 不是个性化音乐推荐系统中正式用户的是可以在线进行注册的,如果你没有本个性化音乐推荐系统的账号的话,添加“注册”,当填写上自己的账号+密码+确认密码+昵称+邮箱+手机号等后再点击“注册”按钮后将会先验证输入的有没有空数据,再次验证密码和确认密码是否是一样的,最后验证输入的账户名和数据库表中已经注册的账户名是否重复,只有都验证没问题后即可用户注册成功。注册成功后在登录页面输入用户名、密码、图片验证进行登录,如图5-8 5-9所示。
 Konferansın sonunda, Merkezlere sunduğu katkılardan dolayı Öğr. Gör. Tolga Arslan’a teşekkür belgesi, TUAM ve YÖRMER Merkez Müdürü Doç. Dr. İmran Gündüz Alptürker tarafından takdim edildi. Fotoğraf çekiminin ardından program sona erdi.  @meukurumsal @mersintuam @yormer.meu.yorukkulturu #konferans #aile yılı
★ ★ ★
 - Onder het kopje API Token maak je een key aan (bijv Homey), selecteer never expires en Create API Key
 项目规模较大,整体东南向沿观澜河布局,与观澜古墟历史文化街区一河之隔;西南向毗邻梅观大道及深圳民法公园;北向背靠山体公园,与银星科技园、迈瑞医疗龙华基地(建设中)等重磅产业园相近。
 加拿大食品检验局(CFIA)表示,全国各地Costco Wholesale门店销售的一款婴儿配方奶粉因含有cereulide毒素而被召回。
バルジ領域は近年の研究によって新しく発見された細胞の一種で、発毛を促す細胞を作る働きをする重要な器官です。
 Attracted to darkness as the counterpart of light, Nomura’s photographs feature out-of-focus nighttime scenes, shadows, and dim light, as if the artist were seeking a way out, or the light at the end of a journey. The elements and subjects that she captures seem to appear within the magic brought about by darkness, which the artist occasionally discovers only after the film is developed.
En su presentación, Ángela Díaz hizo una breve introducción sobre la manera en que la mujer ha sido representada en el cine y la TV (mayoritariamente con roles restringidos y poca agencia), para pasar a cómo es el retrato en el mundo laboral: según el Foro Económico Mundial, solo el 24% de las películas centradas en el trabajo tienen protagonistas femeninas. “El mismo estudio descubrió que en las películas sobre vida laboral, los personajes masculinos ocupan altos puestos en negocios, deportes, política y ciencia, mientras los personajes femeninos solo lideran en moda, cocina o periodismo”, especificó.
★ ★ ★
• Task directions:
Once you find the line with "不是个性化音乐推荐系统中正式" above, print it and every line after it up to and including the line with "Konferansın sonunda, Merkezlere", exactly as written and nothing else.

• Response to this exercise:
 不是个性化音乐推荐系统中正式用户的是可以在线进行注册的,如果你没有本个性化音乐推荐系统的账号的话,添加“注册”,当填写上自己的账号+密码+确认密码+昵称+邮箱+手机号等后再点击“注册”按钮后将会先验证输入的有没有空数据,再次验证密码和确认密码是否是一样的,最后验证输入的账户名和数据库表中已经注册的账户名是否重复,只有都验证没问题后即可用户注册成功。注册成功后在登录页面输入用户名、密码、图片验证进行登录,如图5-8 5-9所示。
 Konferansın sonunda, Merkezlere sunduğu katkılardan dolayı Öğr. Gör. Tolga Arslan’a teşekkür belgesi, TUAM ve YÖRMER Merkez Müdürü Doç. Dr. İmran Gündüz Alptürker tarafından takdim edildi. Fotoğraf çekiminin ardından program sona erdi.  @meukurumsal @mersintuam @yormer.meu.yorukkulturu #konferans #aile yılı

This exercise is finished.